C’est bientôt la rentrée scolaire dans les lycées et collèges ainsi que dans les écoles primaires de la ville de Man, située dans la région des montagnes (Ouest). Pascal Yao, père de trois enfants, dont deux au secondaire, a déjà commencé les préparatifs de la rentrée annoncée pour la deuxième quinzaine du mois de septembre 2010.
« J’ai commencé par l’achat des cahiers de mes enfants. Jai mon premier fils qui passe en terminale, le second fait la classe de quatrième et le cadet au CM2. J’ai aussi acheté leurs tenues scolaires », relève-t-il.
Pour lui il faut s’y prendre un peu plus tôt, car quand sonnera l’heure de la rentrée des classes, « les prix vont doubler ».
Si Pascal Yao a choisi de vite aborder la rentrée scolaire, ceci n’est pas le cas chez son voisin immédiat, Abdoulaye Koné. Lui, préfère attendre le prêt scolaire que son employeur doit lui accorder.

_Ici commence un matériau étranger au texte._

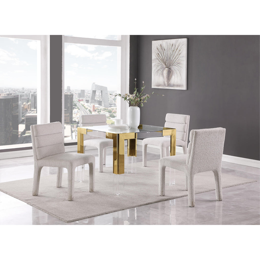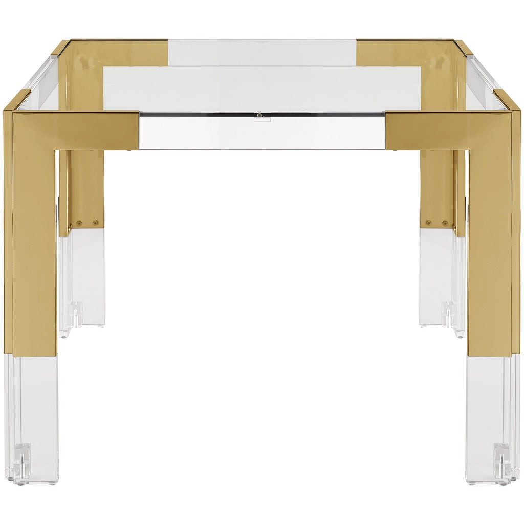 Enjoy intimate meals with those you love when you gather around this Casper dining table. This beautifully eye-catching table features a rich gold frame topped with a clear glass top for a rich, luxe look. Acrylic legs crown the gold stainless steel frame, adding to its contemporary feel. Pair it with your favorite modern chairs for an instant dining room or breakfast nook facelift.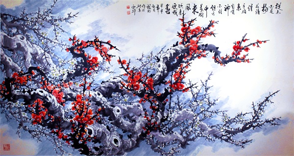 郭银明的花鸟画创作系列梳理了中国花鸟画的历史沿革、工具、材料、基本技法、临摹、写生、创作、题款、钤印等等,并总结了他多年花鸟画创作的经验。他对梅花的分类及其结构、形态的分析尤为细致,创作已从技法层面提升到精神层面,追求一种诗性的升华。他精通中国花鸟画史、画论,从理论的高度把握中国花鸟画的精髓诗性和意境。他的梅花从创作实践中的角度继承了中国花鸟画表现诗性、意境的传统,追求着一种恬静悠远、深邃含蓄的意境。这和恬静悠,深邃含蓄的味道就是诗性或诗意。他梅花作品从立意、构图到笔墨、色彩,无不体现出符合当代人的审美情趣的清新诗意。

« Mon salaire ne suffit pas pour nourrir ma famille et faire les dépenses liées à la rentrée scolaire », souligne-t-il.
Ouvrier dans une entreprise, Ousmane Sissoko, père de quatre enfants dont trois au secondaire et un au primaire, compte sur l’aide de son jeune frère qui est responsable marketing dans une compagnie de téléphonie mobile.
« Chaque année, c’est mon petit frère qui s’occupe de l’achat des fournitures scolaires des enfants et moi mon devoir est de les nourrir et les encadrer », note-t-il tout en précisant : « c’est lui qui en a décidé ainsi » .

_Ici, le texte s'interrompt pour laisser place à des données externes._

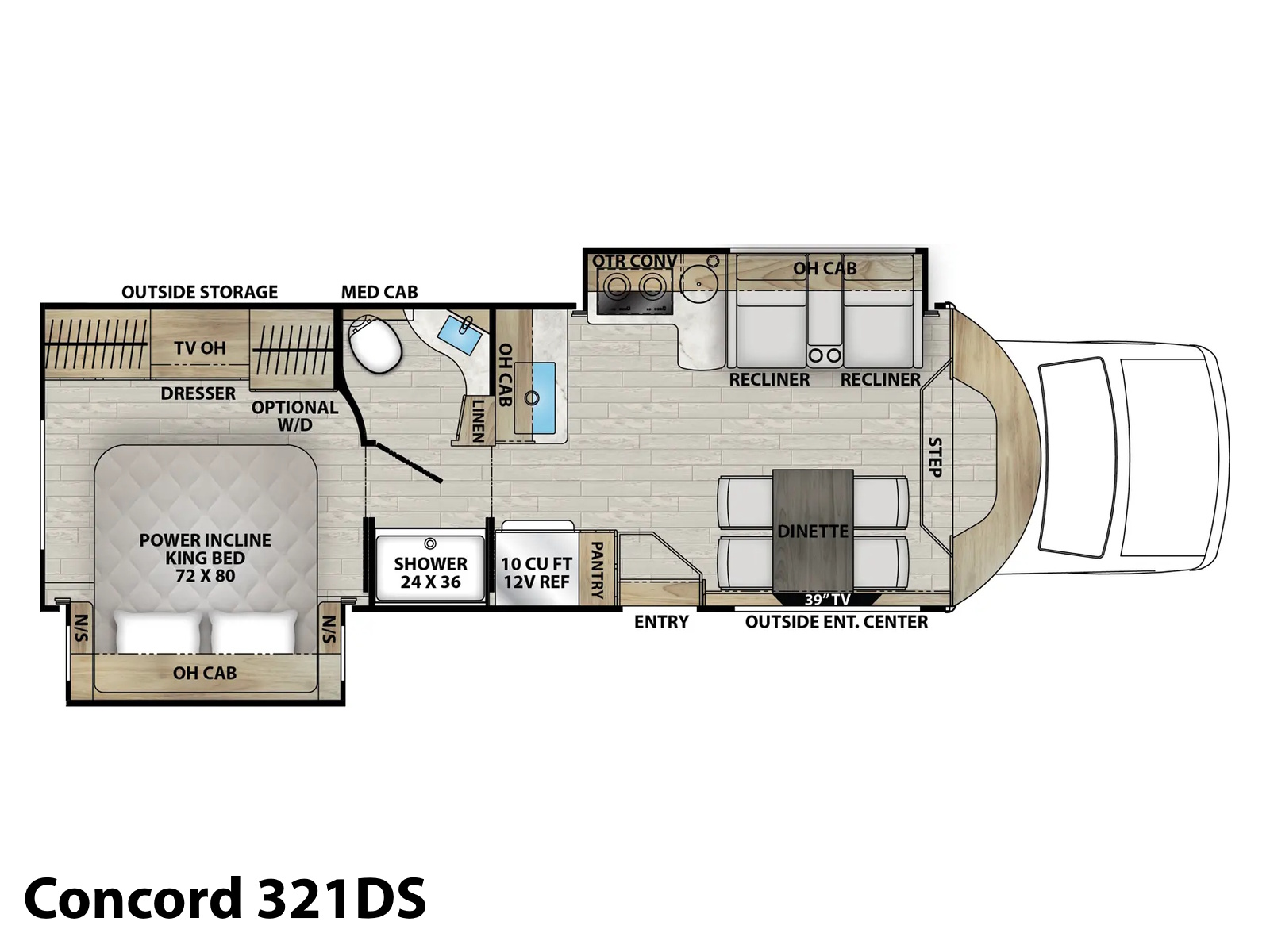 Concord is designed with the experienced RV couple in mind. It is the perfect fit if you are looking for a coach that is smaller than a Class A, but offers more living area than a Class B. Abundantly appointed with luxury features, the Concord is the perfect blend of size, features, and value that reimagines what a Class C motorhome can be!

Dans les librairies, ce n’est pour le moment pas la grande affluence.
« Pour l’instant, les parents d’élèves ne se bousculent pas ici. Je reçois en moyenne dix clients par jour. C’est à la mi-septembre que les choses vont véritablement commencer à bouger », indique Touré Ousmane, gérant d’une librairie.
Attendre… le bon livre
Certains parents préfèrent attendre la rentrée des classes pour, selon eux, ne pas se tromper de manuel scolaire. Pour André Kouassi, chaque année, il y a de nouveaux manuels scolaires qui paraissent. Il ne faut donc pas se précipiter au risque d’avoir à faire une double dépense.

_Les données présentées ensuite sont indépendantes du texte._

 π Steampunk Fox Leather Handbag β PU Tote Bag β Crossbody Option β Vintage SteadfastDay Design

Des parents assument entièrement leur responsabilités. Par contre, d’autres veulent que leurs progénitures apportent leurs contributions. Ils contraignent donc les enfants à mener des activités génératrices de revenus, communément appelés » jobs de vacances » ou « gombo ». Cela n’est pas sans conséquence pour certains élèves qui abordent la rentrée scolaire fatigué.